# normalization

It's important to look at how you initialize the values for your neurons. You essentially want them to be gaussian at the beginning so everything has a fair chance of training. If you look at the following, already after one layer, our standard deviation has almost tripled after performing the dot product.

g = torch.Generator().manual_seed(1)
x = torch.randn(1000, 10, generator=g)
w = torch.randn(10, 200, generator=g)
print(w)
y = x @ w
print(x.mean(), x.std())
# tensor(-0.0038) tensor(1.0057)

print(w.mean(), w.std())
# tensor(0.0003) tensor(1.0115)

print(y.mean(), y.std())
# tensor(-0.0064) tensor(3.2211)

To fix this, the referenced paper above ended up in the addition of the kaiming_normal operation, which divides the weights by the square root of the number of inputs to each neuron. It's a bit different depending on exactly which non-linearity you're using. For simplicity though you can commonly divide your weights by the square root of the fan-in, or the number of inputs to your neuron.

g = torch.Generator().manual_seed(1)
x = torch.randn(1000, 10, generator=g)
w = torch.randn(10, 200, generator=g) / 10**.5
print(w)
y = x @ w
print(x.mean(), x.std())
# tensor(-0.0038) tensor(1.0057)

print(w.mean(), w.std())
# tensor(9.0598e-05) tensor(0.3199)

print(y.mean(), y.std())
# tensor(-0.0020) tensor(1.0186)

Multiplying your weights by this changes the standard deviation because if you look at a layer with standard deviation 1 and multiply it by .2 the standard deviation is now .2.
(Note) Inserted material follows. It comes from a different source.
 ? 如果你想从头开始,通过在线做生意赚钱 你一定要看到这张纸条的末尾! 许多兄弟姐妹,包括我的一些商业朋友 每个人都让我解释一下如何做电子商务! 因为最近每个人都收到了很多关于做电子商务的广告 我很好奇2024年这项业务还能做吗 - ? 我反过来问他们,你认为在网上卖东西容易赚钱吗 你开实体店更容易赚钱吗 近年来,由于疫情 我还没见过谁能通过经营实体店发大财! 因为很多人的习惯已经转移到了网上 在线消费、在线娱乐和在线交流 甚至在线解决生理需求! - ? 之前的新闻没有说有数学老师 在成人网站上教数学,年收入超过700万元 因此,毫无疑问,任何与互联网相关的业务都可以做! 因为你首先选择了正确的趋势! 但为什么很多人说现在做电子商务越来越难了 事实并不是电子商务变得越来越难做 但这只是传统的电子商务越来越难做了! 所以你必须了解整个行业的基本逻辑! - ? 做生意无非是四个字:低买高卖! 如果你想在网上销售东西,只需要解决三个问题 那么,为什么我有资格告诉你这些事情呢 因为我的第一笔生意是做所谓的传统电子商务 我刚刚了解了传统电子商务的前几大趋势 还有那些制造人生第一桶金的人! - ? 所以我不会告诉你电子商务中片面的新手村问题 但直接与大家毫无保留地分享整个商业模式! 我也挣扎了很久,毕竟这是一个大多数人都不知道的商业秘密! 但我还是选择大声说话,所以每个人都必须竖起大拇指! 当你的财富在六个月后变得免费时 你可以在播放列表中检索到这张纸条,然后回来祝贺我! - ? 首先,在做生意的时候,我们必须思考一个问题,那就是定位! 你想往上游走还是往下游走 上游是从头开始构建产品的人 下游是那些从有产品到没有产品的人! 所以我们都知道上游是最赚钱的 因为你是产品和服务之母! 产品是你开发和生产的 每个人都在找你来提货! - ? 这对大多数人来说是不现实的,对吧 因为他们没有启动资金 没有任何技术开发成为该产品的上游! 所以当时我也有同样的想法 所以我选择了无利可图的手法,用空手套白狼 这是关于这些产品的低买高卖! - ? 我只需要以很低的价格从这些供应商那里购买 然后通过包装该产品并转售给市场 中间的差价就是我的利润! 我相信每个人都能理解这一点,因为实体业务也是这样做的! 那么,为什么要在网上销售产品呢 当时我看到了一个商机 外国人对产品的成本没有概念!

g = torch.Generator().manual_seed(1)
w = torch.randn(10, 200, generator=g)
print(w.std())
# tensor(1.0293)

w = w * .2
print(w.std())
# tensor(0.2059)

So following that, we can set the standard deviation of a gaussian distribution by multiplying it by whatever our ideal distribution is. The kaiming documentation gives us the equation

std = \frac{gain}{\sqrt{fan\_mode}}

where gain is precalculated by them in the docs. For tanh it is \frac{5}{3}. And fan_mode is the number of axons of the neuron. Applying this to our function

g = torch.Generator().manual_seed(1)
w = torch.randn(10, 200, generator=g) * ((5/3)/10**.5)

print(w.std())
# tensor(.3084)

So if doing it manually we would want to multiply our initial weights of a neuron with 10 axons by .3084 to have a more normal standard deviation after passing through the activation function. This helps with tanh because it's a squashing function, so we want to amplify the values a bit, to fight back against it squashing everything inward. This normalization is typically fixed by applying something like batch normalization to each layer, reducing the important of the initial weights values.

# Batch normalization

A concept published in this paper, provides a mechanism so that you don't have to normalize your weights at initialization but instead normalize them through the training cycle.
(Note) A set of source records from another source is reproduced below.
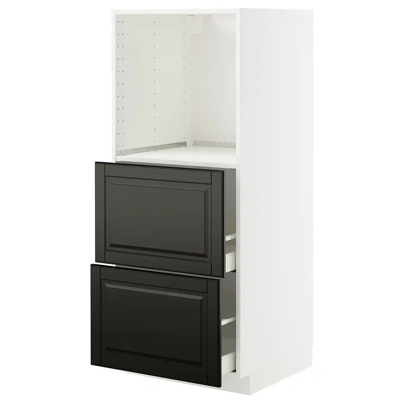 METOD / MAXIMERA High cabinet with drawers - white/Bodbyn black 60x60x140 cm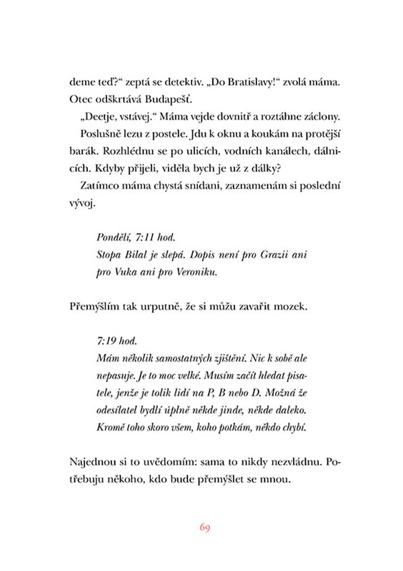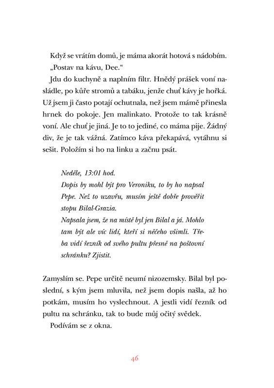 Devítiletá Deetje bydlí se svojí maminkou v bytovce. Jednoho dne nalezne na ulici dopis. Jméno a adresa jsou přeškrtnuté. Je od někoho, komu někdo hodně chybí. O tom Deetje něco ví. Vůbec se své mámě nepodobá, proto si myslí, že musí být adoptovaná. Rozhodne se, že dopis doručí správné osobě, a do pátrání zapojí i chytrého kamaráda Vita a taky Kevina. Všude jsou nějaké stopy, jenže každá odpověď přináší další otázky – až se na povrch prodere i ta nejdůležitější otázka: kdo jsem já?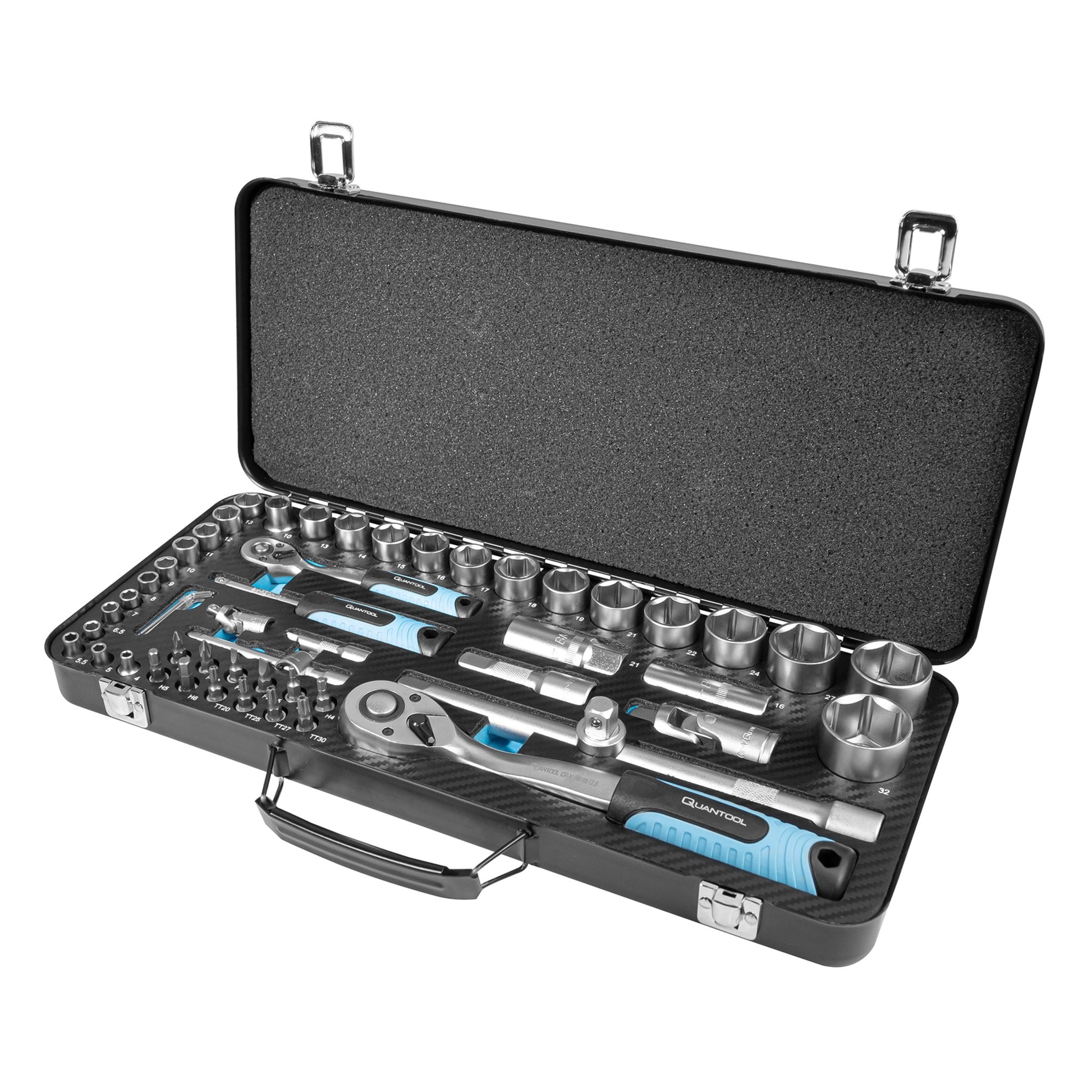 Bezeichnung: QUANTOOL Steckschlüssel-Satz 56 Teile Steckschlüssel: Chrom-Vanadium Stahl, Bits/Winkelschraubendreher: S2-Stahl, brüniert

It's pretty complex and I don't fully understand it, but one critique of it is since it's working with the mean and standard deviation of each layer, it's coupling all of the inputs during training. So then independent inputs now have a dependency on each other and can affect training. What does that mean? I have no clue.

Another weird trait is that due to the way you calculate batch normalization, the biases actually ended up being effectively zeroed out. So when doing batch normalization you don't use bias in your neurons. It's important to remember the bias values wouldn't actually be zero, but because you're adding a constant value, the subtraction of the mean in the normalization removes any effect that bias would have.
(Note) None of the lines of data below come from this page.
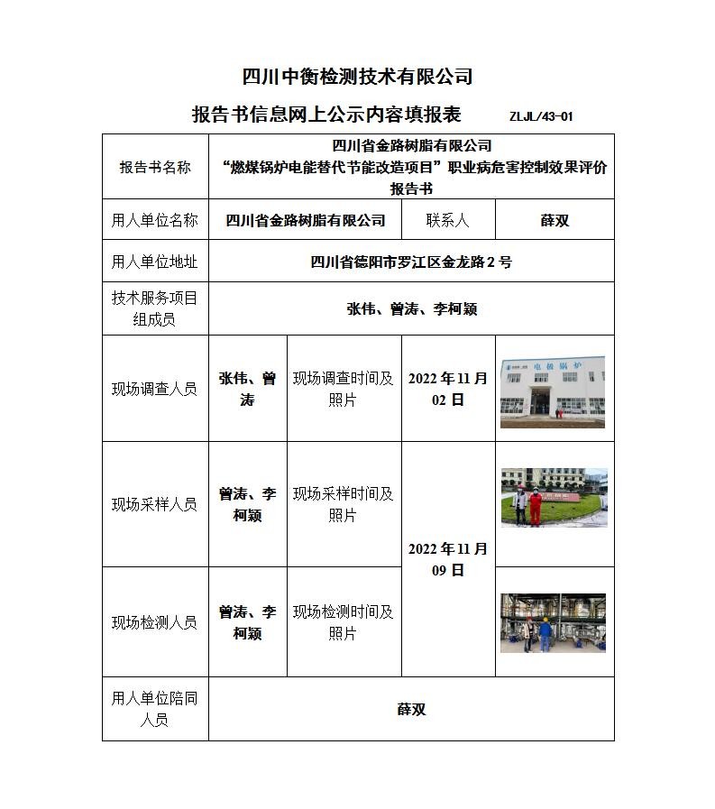 四川省金路树脂有限公司 “燃煤锅炉电能替代节能改造项目”职业病危害控制效果评价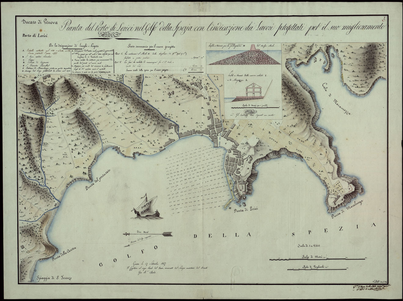 PIANTA DEL GOLFO DI LERICI NEL GOLFO DELLA SPEZIA CON L'INDICAZIONE DEI LAVORI PROGETTATI PER IL SUO MIGLIORAMENTO - DUCATO DI GENOVA PORTO DI LERICI.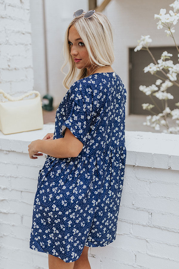 Dance It Out Floral Babydoll Tunic Dress In Navy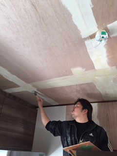 本日はキッチンクロス貼り工事を行っています。まずはパテで下地処理を行っています。 クロスの飯嶋が施工中です。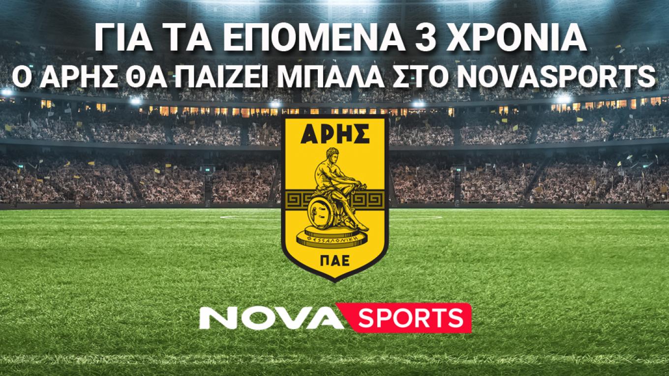Η Nova, μέσα από την ανανέωση της συνεργασίας της με μία από τις κορυφαίες ομάδες της Ελλάδας, την ΠΑΕ Άρης, εμπλουτίζει ακόμη περισσότερο το premium αθλητικό περιεχόμενό της. Έτσι, οι συνδρομητές Nova – Wind, θα απολαύσουν μια μοναδική σεζόν με περισσότερους από 3.500 LIVE αγώνες, απολαμβάνοντας παρέα με την καλύτερη δημοσιογραφική ομάδα στο «γήπεδο» του Novasports: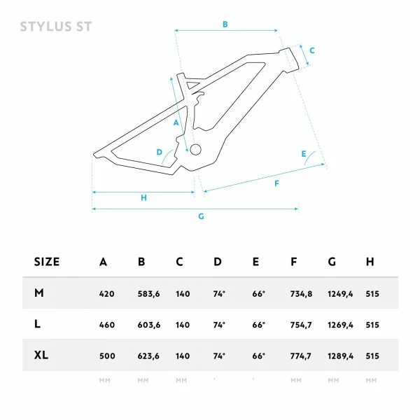 Angle de direction à 66°. Géométrie du triangle arrière à parallélogramme, conçu pour un débattement arrière de 130mm. L’intégration de la batterie est totale.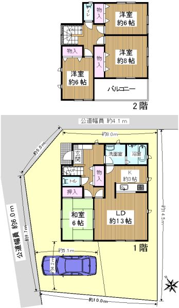 | 接道状況 | 角地・北4.1m(公道)接面8m/西6m(公道)接面9.7m | ||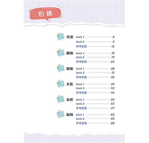 各單元皆附有重要單字及句型文法說明,除了讓學生具備較同齡學生優秀的英語實力,更可作為學生銜接國中小課程的橋樑。

You apply batch normalization on any layers of your choosing before or after the activation functions have been calculated, it's most common to do before though. You generate the normalization with the following

z = \frac{x - m}{s}\newline
output = (z * g) + b\newline
x = \text{data point}\newline
m = \text{mean of the data set}\newline
s = \text{standard deviation}\newline
g = \text{arbitrary parameter}\newline
b = \text{arbitrary parameter}

Another important fact is that since you are using this hidden layer of normalization, with its own weights and bias, you need to use those weights and biases when running inference passes on your network. Pytorch calculates a rolling average of these so that you can access them after training, and apply them where appropriate in your forward passes.

# Inputs

It's also common to preform normalization and standardization of your inputs, so that they follow a more equal distribution as well. A good analogy is miles driven, if some users drove 100 miles and others drove 100,000 that creates a significantly large data set that could have large imapcts on the gradients of the neural network. We can normalize them by squashing them down to 0-1 and standardize them by the equation in Batch Normalization

This is discussed in this video. Normalization and standardization seem to be used somewhat interchangeably.